The highly integrated LT3491 provides a compact, simple solution for driving backlight circuits in battery-powered portable devices, such as cellular phones, PDAs, and portable GPS devices. It features internal compensation, open-LED protection, a 32V power switch and a 32V Schottky diode all inside a tiny SC70 package.

Specifically, the LT3491 is a fixed frequency step-up DC/DC converter that drives up to six white LEDs in series from a Li-Ion cell. Series connection of the LEDs provides identical LED currents resulting in uniform brightness without the need for ballast resistors. In addition, the 2.3MHz switching frequency allows the use of tiny inductors and capacitors.

Figure 1 shows how easy it is to drive six white LEDs from a Li-Ion battery. Figure 2 shows the efficiency of the six white LED application circuit.

Figure 1. Li-Ion powered driver for six white LEDs.

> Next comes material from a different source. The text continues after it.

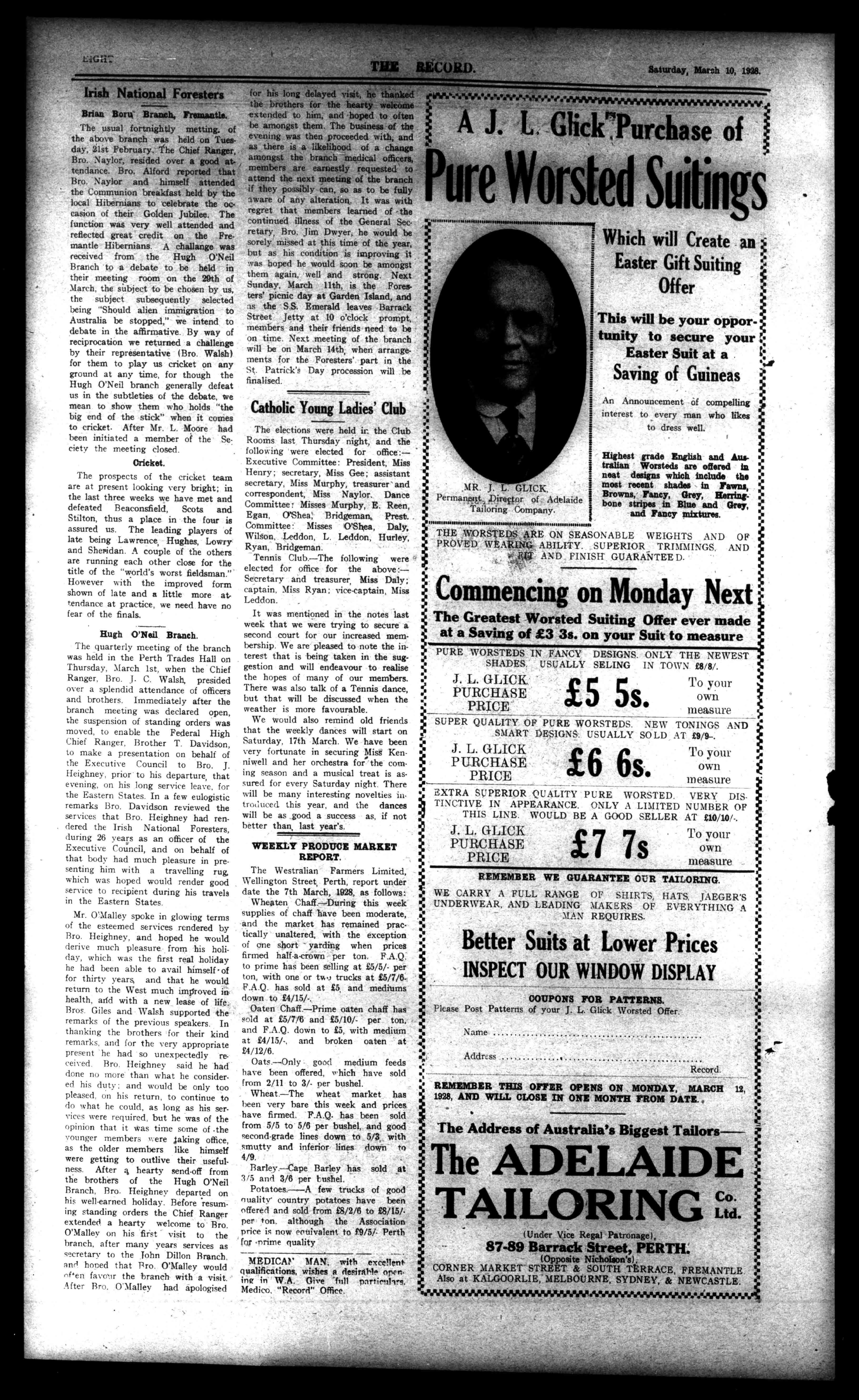 ATTAGITY$001 itEcuRD. Saturday,March10,1928. NewHospitalofSt.JohnofGod SUBLACO.SPLENDIDUP-TO-DATEACCOMMODATION. ChasetoSubiacoandLeedervilleRailwayStatism* PatientsMaySelectTheirOwnMedicalAdvisers. TERMSMODERATE. PRIVATEROOMSAVAILABLE.OPENTOALLDENOMINATIONS.ForTermsApplytoRev.Mother. TheSistersslagConductaS 'talat rlie. OurLadyofMercy'sCollege,VictoriaPark CONDUCTEDBYTHESISTERSOFMERCY. LocationUnsurpassedforConvenience,.Healthfulness,andBeauty. BoardingandDaySchoolforYoungLadiessadLittleOirk. ForParticularsApplytotheMotherAllPerior. TheColonialMutualFireInsurance COMPANYLIMITED FIRE,MARINE,ACCIDENT,WORKERS'COMPENSATION, EMPLOYERS'LIABILITY. HAYSTACKS,GROWINGCROPS,ANDLIVESTOCK ASPECIALTY. E.MIDWOOD,Manager.BARRACKSTREET.PERTH. ApplicationsinvitedforAgencnesinrepresented.Districtswhetsnotalready DEMAND `PENGUIN' STOUT BoxallandLynchDentists NewPremises MOANAMAIMS HayStreet,nearBarrackStreet Mr.W.BoxallCanbeConsultedPersonally WoodSonsNewTea IsDistinctiveinQuality.OrderTo-day BLENDEDANDP,!yrATINOURWAREHOUSE,FREMANTLE. BUYINGLARGELY FROMTHEWORLD'SFINESTSOURCESOFSUPPLY. SELLINGDIRECT THROUGHTHREEBIGSTORES. CharlieCarterLtd, CANANDDOESSELLTHEFINESTGROCERIESATTHE LOWESTRATESINWESTERNAUSTRALIA. NOMATTERWHEREYOUL'VE,JUSTSENDYOURORDER,AND ITWILLRECEIVEPROMPTANDCOURTEOUSATTENTION. THREEBIGSTORES 556HAYST,and111BARRACKST.,PERTH 41MARKETST.,FREIVIANTLE DENTISTMASSEYCROSSE FORBETTERDENTISTRY SUWilliamStreet(overC.andH.Locke'sandnearQueen'sHall) ChristianBrothers'College,Perth ABOARDINGANDDAYSCHOOL. BOYSAREADMITTEDATANYTIMEDURING THETERM. COMMERCIALWORKASPECIALTY. ForParticularsapplytoTHEPRINCIPAL. St.Ildephonsus'College NEWNORauk. CONDUCTEDBYTHEMARISTBROTHERS. FORTERMSAND.FULLPARTICULARS,APPLYTO THEBROTHERDIRECTOR. Mciadyen&Coy.(LATEOFMURRAY-STREET) nowoppositeG.P.Q.13firstfloor PADBURYBUILDINGS. 'PhoneMitt. TAILORS Printedandpublishedfortheproprietor,byThomasSlattery,atthe"Record"Office,450Hay-street,Perth,WesternAustralia.

Figure 2. Efficiency of the circuit in Figure 1.

High Side Sense

The LT3491 features a unique high side LED current sense that enables the part to function as a “one wire” current source—one side of the LED string can be returned to ground anywhere, allowing a simpler “one wire” LED connection. Traditional LED drivers use a grounded resistor to sense LED current requiring a 2-wire connection to the LED string. High side sense moves the sense resistor to the top of the LED string.

Figure 3 shows the advantage of high side sense in a cell phone where the LEDs are placed some distance away from the driver. The technique eliminates the return wire thereby reducing the number of wires running through the hinge. Also, it allows the LEDs to be placed further away from the converter without compromising performance.

Figure 3. Traditional sense (left) and high side sense (right) implemented solutions in a cell phone. The high side solution reduces the number of connections through the hinge.

Dimming & Shutdown Control

A single pin performs both shutdown and accurate LED dimming control. The dimming range of the part extends from 1.5V at the CTRL pin for full LED current down to 100mV. The CTRL pin directly controls the regulated sense voltage across the sense resistor that sets the LED current. Figure 4 shows the regulated sense voltage versus CTRL pin voltage.

Figure 4. LED sense voltage versus CTRL pin voltage.

In addition to using a DC voltage at the CTRL pin, either a filtered PWM signal or a direct PWM signal can be used to control the LED current. Direct PWM dimming achieves wider dimming compared to using a filtered PWM or a DC voltage. Direct PWM dimming uses a MOSFET in series with the LED string to quickly connect and disconnect the LED string. Figure 5 presents direct PWM dimming in a Li-Ion to four white LED application. The PWM signal controls both the turn on and turn off of the part through the CTRL pin and the MOSFET. Figure 6 shows the linearity of PWM dimming. The available dimming range depends on the settling time of the application and the PWM frequency used. The application in Figure 5 achieves a dimming range of 300:1 using a 100Hz PWM frequency. Figure 7 shows the available dimming range for different PWM frequencies.

Figure 5. Li-Ion to four white LEDs with direct PWM dimming.

Figure 6. Linearity of PWM dimming for a 100Hz PWM frequency and the application of Figure 5.

Figure 7. Dimming range vs frequency.

Torch and Flash Mode LED Control

White LEDs are quickly gaining popularity as the illumination source for camera phones. White LEDs provide a simple compact solution for flash and torch lighting in cell phone applications. The LT3491 provides a small overall solution to flash and torch control.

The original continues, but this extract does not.